• **Data**:
-----

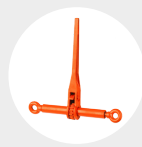
EYEBOLT RATCHET TENSIONER ATC MODEL Pag. 98
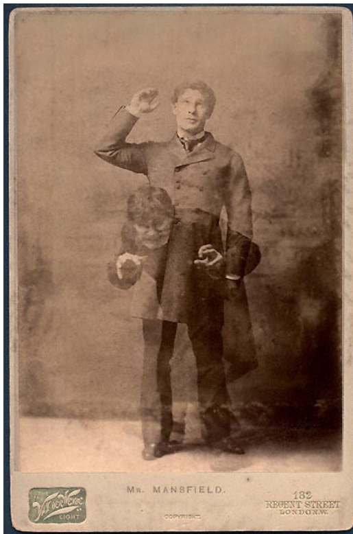
Fig. 1: Richard Mansfield as Dr Jekyll and Mr Hyde (1887) 5

The status of the image is quite problematic if not fully aporetic as it re-unites the two separate halves of Stevenson's character. 5 Still, this photograph highlights the challenging issue of illustrating conflicting plot lines: as it gives a body to the secret personality of a man, it also won't make this initially invisible nature plainly visible. As Roger Bozetto explains "the portrait of the monster is impossible" (141-151). This obstacle can fully be felt in the illustrated editions of The Strange Case , mainly decorating the text with portraits of the various characters while failing to offer satisfactory narrative images.

-----

Make an exact copy of the listing. Leave its pictures out.

EYEBOLT RATCHET TENSIONER ATC MODEL Pag. 98
Fig. 1: Richard Mansfield as Dr Jekyll and Mr Hyde (1887) 5

The status of the image is quite problematic if not fully aporetic as it re-unites the two separate halves of Stevenson's character. 5 Still, this photograph highlights the challenging issue of illustrating conflicting plot lines: as it gives a body to the secret personality of a man, it also won't make this initially invisible nature plainly visible. As Roger Bozetto explains "the portrait of the monster is impossible" (141-151). This obstacle can fully be felt in the illustrated editions of The Strange Case , mainly decorating the text with portraits of the various characters while failing to offer satisfactory narrative images.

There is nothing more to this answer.